_What you will do:_ Everything in the records below from the line containing "오르비텍은 미국의 원전주가" through the line containing "These panel dividers" is to be reproduced exactly, those two lines included; no picture is to be copied.

_Supplied information:_
┄┄┄┄┄┄

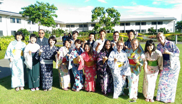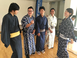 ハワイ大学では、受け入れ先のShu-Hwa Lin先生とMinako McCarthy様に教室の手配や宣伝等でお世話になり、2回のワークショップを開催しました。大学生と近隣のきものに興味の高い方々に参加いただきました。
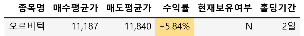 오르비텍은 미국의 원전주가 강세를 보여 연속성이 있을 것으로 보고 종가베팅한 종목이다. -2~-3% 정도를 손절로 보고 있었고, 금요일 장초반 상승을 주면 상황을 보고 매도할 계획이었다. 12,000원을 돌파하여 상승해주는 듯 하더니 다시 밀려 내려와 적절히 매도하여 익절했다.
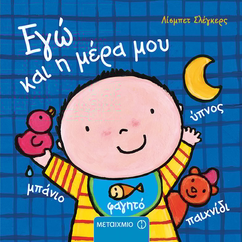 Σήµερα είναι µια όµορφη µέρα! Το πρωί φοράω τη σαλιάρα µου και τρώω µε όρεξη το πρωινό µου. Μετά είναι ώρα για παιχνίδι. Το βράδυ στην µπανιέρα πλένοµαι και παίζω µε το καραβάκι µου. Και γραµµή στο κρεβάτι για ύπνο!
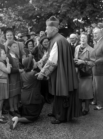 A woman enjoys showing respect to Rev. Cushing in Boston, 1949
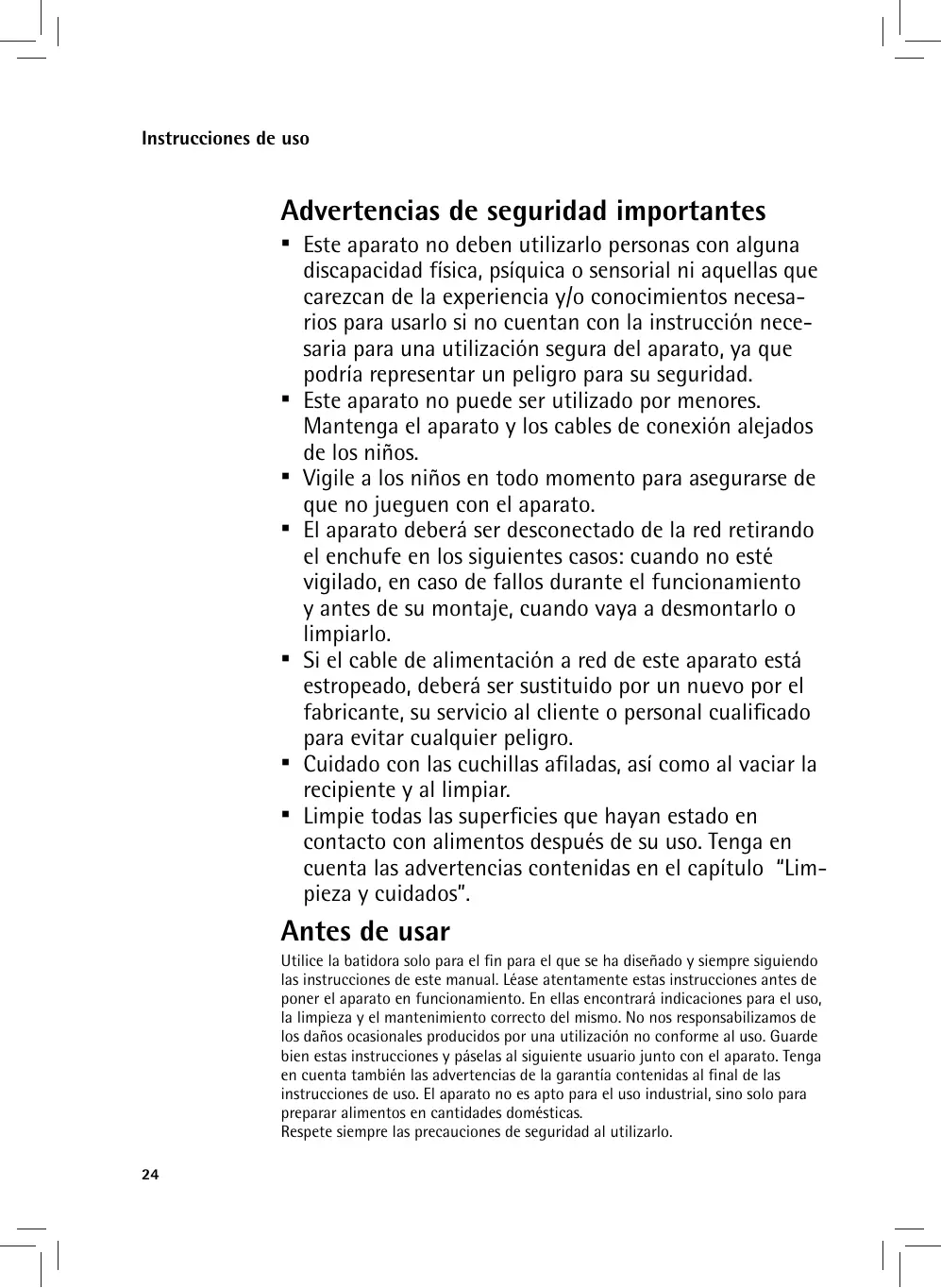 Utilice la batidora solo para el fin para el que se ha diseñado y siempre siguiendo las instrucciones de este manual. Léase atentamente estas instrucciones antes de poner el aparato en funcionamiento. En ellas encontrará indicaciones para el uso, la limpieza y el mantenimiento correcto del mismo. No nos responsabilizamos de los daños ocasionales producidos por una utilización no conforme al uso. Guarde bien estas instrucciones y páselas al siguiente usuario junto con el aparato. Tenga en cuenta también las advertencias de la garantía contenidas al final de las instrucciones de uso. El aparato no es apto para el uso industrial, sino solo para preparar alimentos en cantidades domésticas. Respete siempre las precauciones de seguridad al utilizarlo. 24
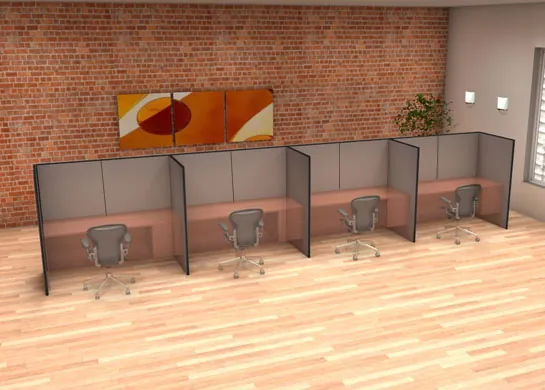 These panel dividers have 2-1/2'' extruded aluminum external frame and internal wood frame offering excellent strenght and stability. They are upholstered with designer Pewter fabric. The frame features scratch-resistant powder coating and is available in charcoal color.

┄┄┄┄┄┄

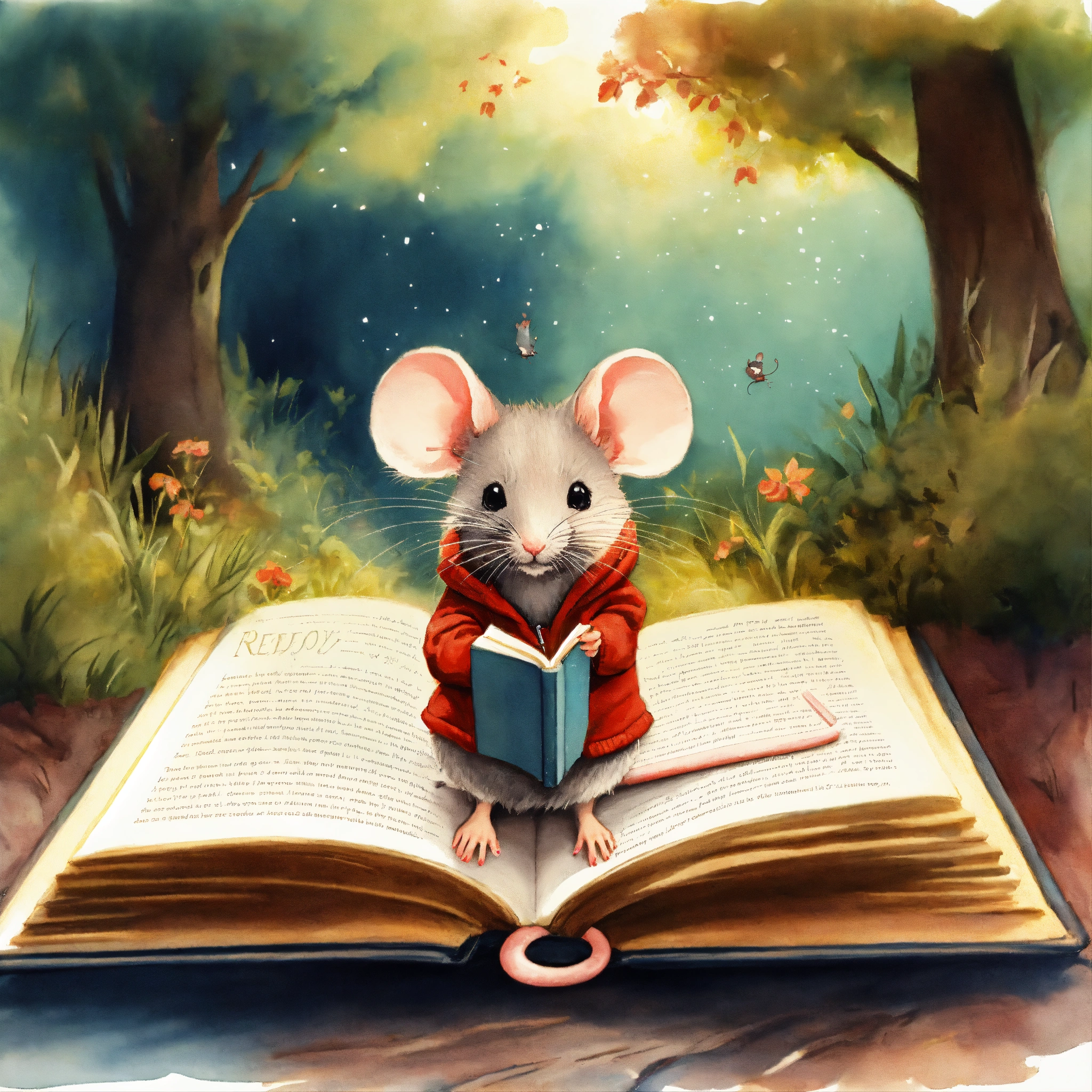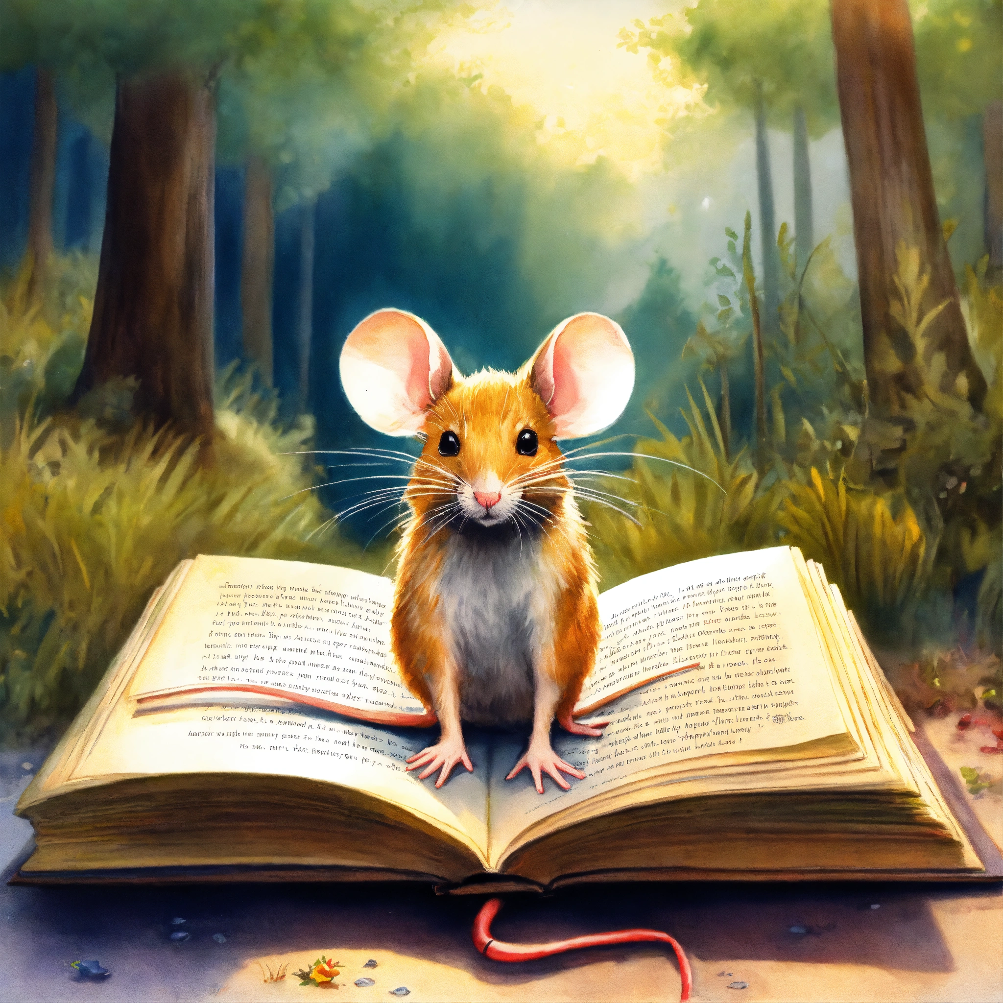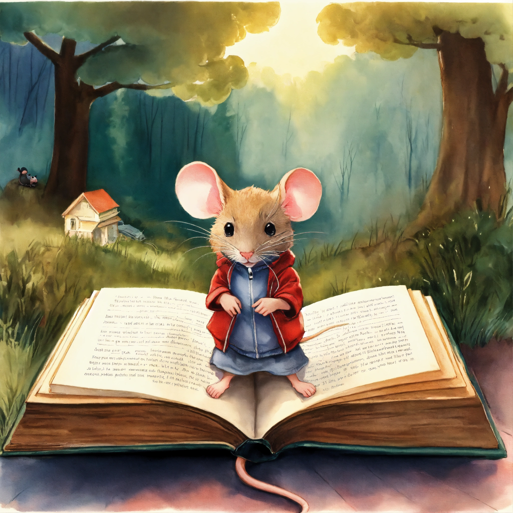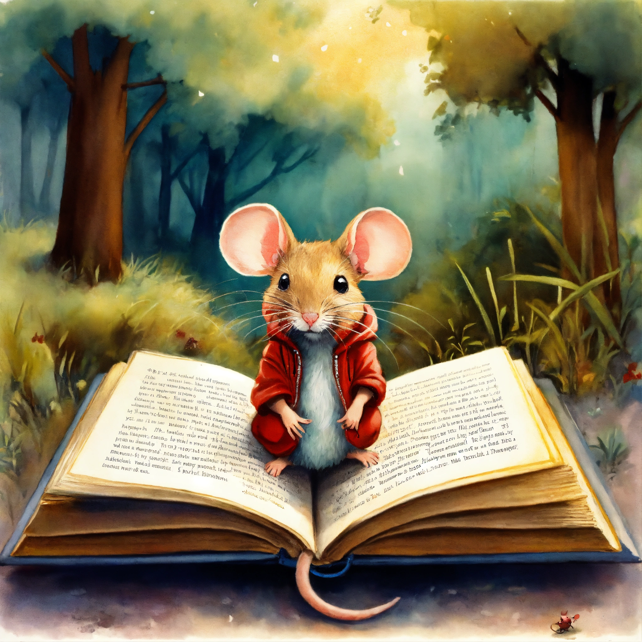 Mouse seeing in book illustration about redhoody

┄┄┄┄┄┄

_Task response:_
 오르비텍은 미국의 원전주가 강세를 보여 연속성이 있을 것으로 보고 종가베팅한 종목이다. -2~-3% 정도를 손절로 보고 있었고, 금요일 장초반 상승을 주면 상황을 보고 매도할 계획이었다. 12,000원을 돌파하여 상승해주는 듯 하더니 다시 밀려 내려와 적절히 매도하여 익절했다.
 Σήµερα είναι µια όµορφη µέρα! Το πρωί φοράω τη σαλιάρα µου και τρώω µε όρεξη το πρωινό µου. Μετά είναι ώρα για παιχνίδι. Το βράδυ στην µπανιέρα πλένοµαι και παίζω µε το καραβάκι µου. Και γραµµή στο κρεβάτι για ύπνο!
 A woman enjoys showing respect to Rev. Cushing in Boston, 1949
 Utilice la batidora solo para el fin para el que se ha diseñado y siempre siguiendo las instrucciones de este manual. Léase atentamente estas instrucciones antes de poner el aparato en funcionamiento. En ellas encontrará indicaciones para el uso, la limpieza y el mantenimiento correcto del mismo. No nos responsabilizamos de los daños ocasionales producidos por una utilización no conforme al uso. Guarde bien estas instrucciones y páselas al siguiente usuario junto con el aparato. Tenga en cuenta también las advertencias de la garantía contenidas al final de las instrucciones de uso. El aparato no es apto para el uso industrial, sino solo para preparar alimentos en cantidades domésticas. Respete siempre las precauciones de seguridad al utilizarlo. 24
 These panel dividers have 2-1/2'' extruded aluminum external frame and internal wood frame offering excellent strenght and stability. They are upholstered with designer Pewter fabric. The frame features scratch-resistant powder coating and is available in charcoal color.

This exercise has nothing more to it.